- Born: September 6, 1944 Kamakura, Kanagawa
- Other name: 高橋 アキ
- Occupation: pianist
- Spouse: Kuniharu Akiyama
- Relatives: Yūji Takahashi (brother)

= Aki Takahashi =

Japanese pianist (born 1944)

Aki Takahashi (高橋 アキ, Takahashi Aki) is a Japanese pianist specializing in contemporary classical music.

==Biography==
Born in Kamakura, she began studying piano at the age of five and received her M.A. degree from the Tokyo National University of Fine Arts and Music. Her teachers included Yutaka Ito, Ray Lev, and George Vásárhelyi.
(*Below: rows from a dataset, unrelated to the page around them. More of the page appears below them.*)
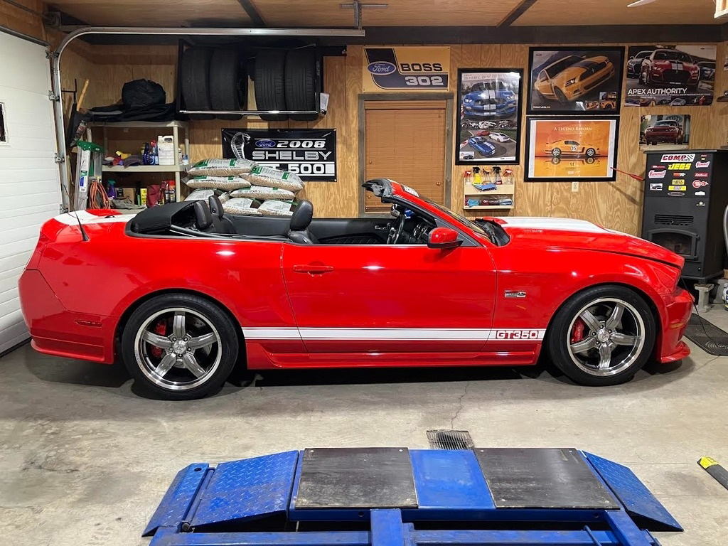 2012 Ford Mustang Shelby GT350 Convertible powered by a 5.0L V8 with upgraded 624 HP supercharger and 6-speed manual transmission, showing only 5,100 miles. Finished in Race Red with white racing stripes and charcoal black leather interior. Equipped with Wilwood rear brakes, Eibach suspension, 19" Cragar wheels, Borla center-exit exhaust, upgraded audio system, and power soft top. Rare, well-maintained performance convertible in excellent condition.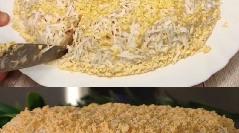 Salată stratificată „Afonja” cu carne de pui, ouă fierte, castraveți murați…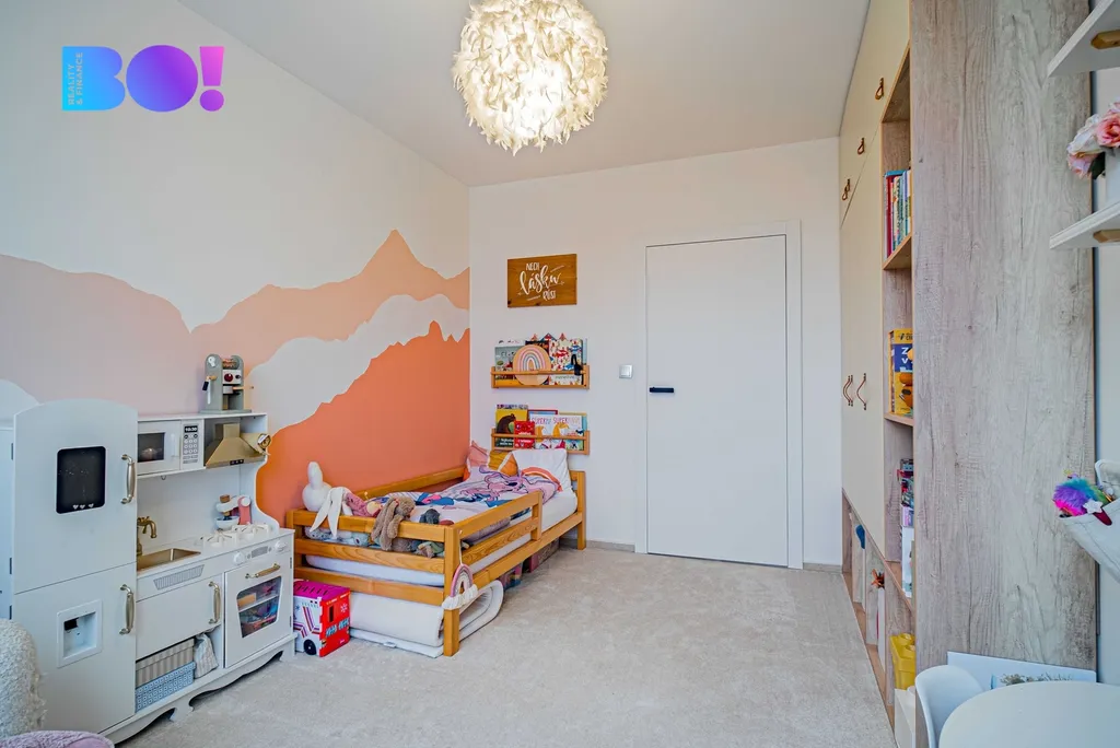 Dětský pokoj působí velmi útulně, nabízí velkou skříň a stylovou výmalbu.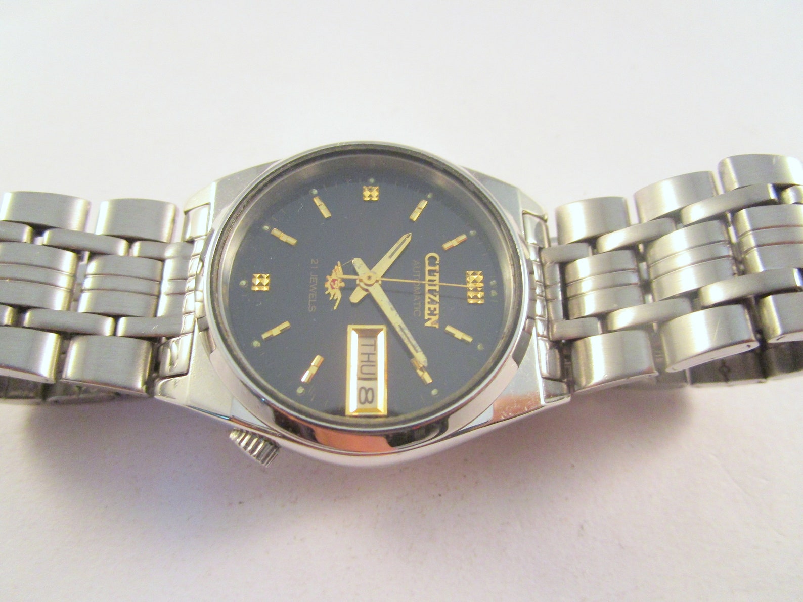 Citizen produced a whole range of stylish dress watches back in the 70s and 80s with a 21 jewel automatic movement. In fact, they are one of the few Citizen Automatic watches around.. They have since become known a the Eagle 7 because of the Citizen eagle logo at the bottom of the dial, with a red 7 emblazoned in the middle of the eagle.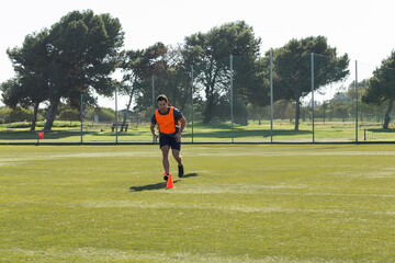 Male athlete sprinting on sports field under sun wearing orange training bib dodging orange cone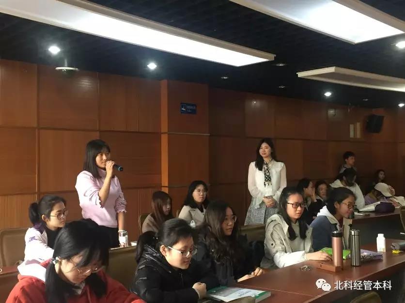 随后,盛老师邀请了第一届北京科技大学“跨境电商”创新创业比赛的两位全国奖获奖团队队长上台分享参加比赛的心得与体会。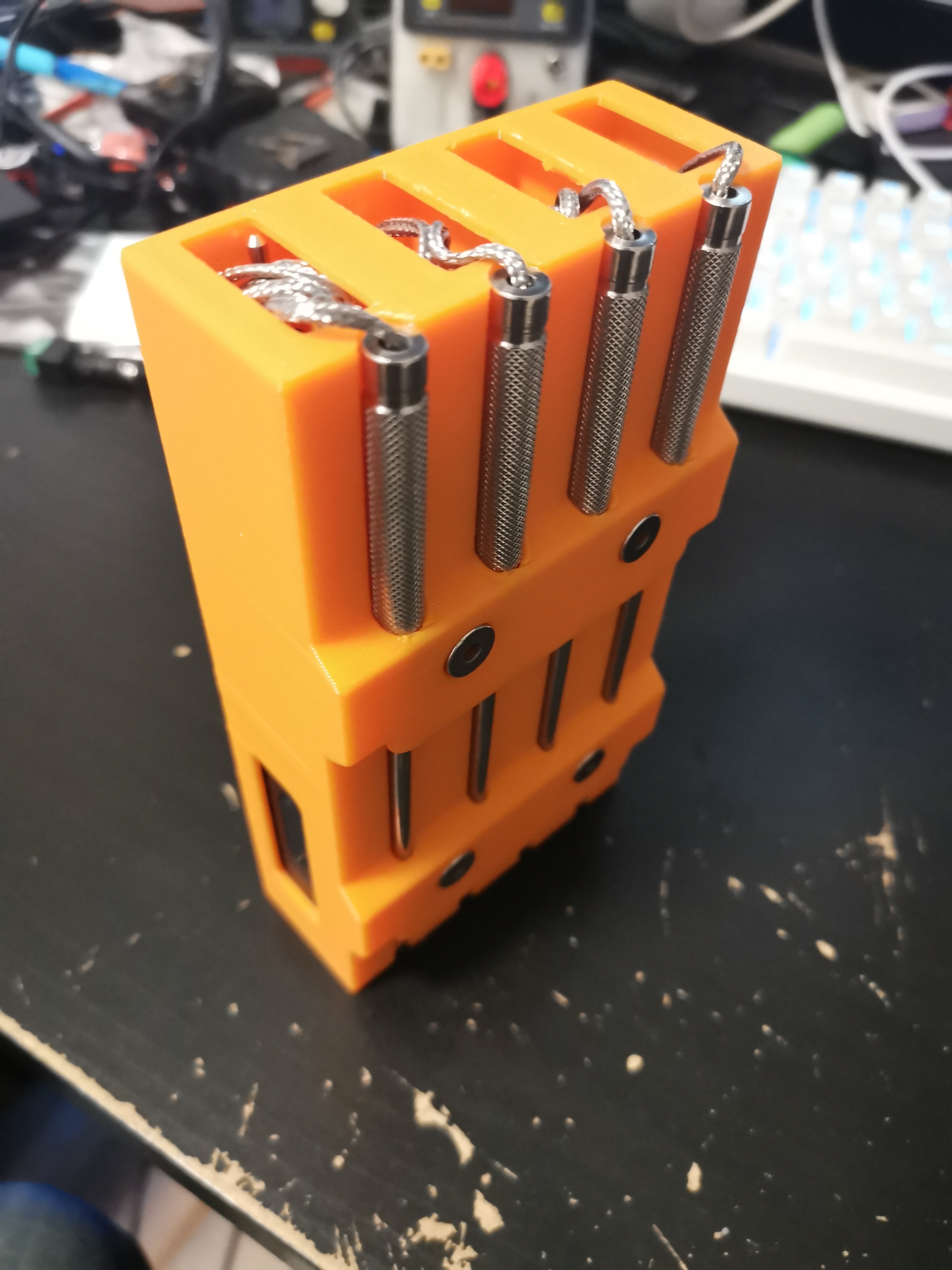 Cái nhiệt kế Govee H5198 có 4 que đo dài, xài xong cất đi hơi lỉnh kỉnh. Nên tui chế cái hộp này để giữ gọn gàng, có khoét lỗ cắm sạc, có móc treo, và chỗ để nam châm. Chất liệu PLA, in STL, cần dọn support để que dễ cắm.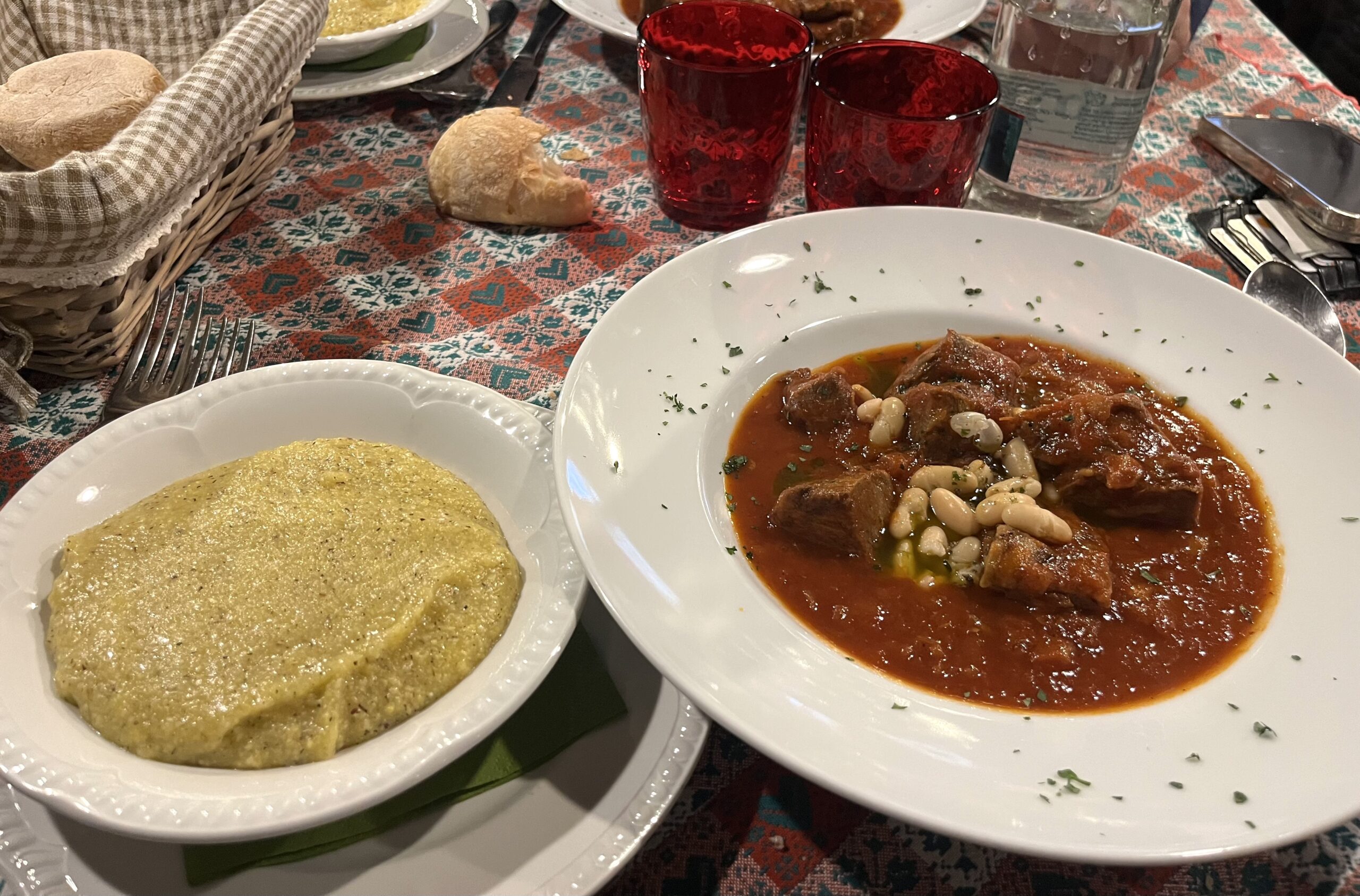 牛肉のトマト煮込みがとっても美味しかったが、24€だけあってボリュームが2人前くらいだった。プリモのパスタを頼まなくてよかった。一緒に来たポレンタは、わたしはあんまり好きじゃないけど、これはシチューと相まって美味しかった。
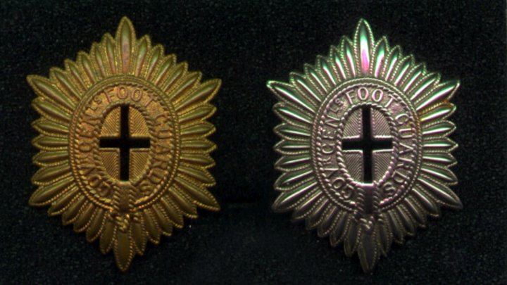 GGFG Officers’ cap badge, pierced and enamelled. Author’s collection

She presented her first public recital in 1970 and her European debut in 1972.

She has released numerous recordings and many 20th-century composers, including John Cage, Morton Feldman, Peter Garland, Alvin Lucier, Isang Yun, Joji Yuasa, Toshi Ichiyanagi, Carl Stone, Maki Ishii, and Takehisa Kosugi, have written pieces for her. She has also performed works by Olivier Messiaen, Pierre Boulez, Iannis Xenakis, Tōru Takemitsu, and her brother, Yuji Takahashi. On the occasion of the premiere of Triadic Memories, Morton Feldman, described her as follows: "Aki Takahashi is very different [from David Tudor or Roger Woodward]. Takahashi appears to be absolutely still. undisturbed, unperturbed, as if in a concentrated prayer... The effect of her playing on me is that I feel privileged to be invited to a very religious ritual."

Takahashi has toured extensively throughout the United States, Europe, and Asia, and served as Artist-in-Residence at the State University of New York at Buffalo from 1980–81. She was a guest professor at the California Institute of the Arts in 1984 and 1985.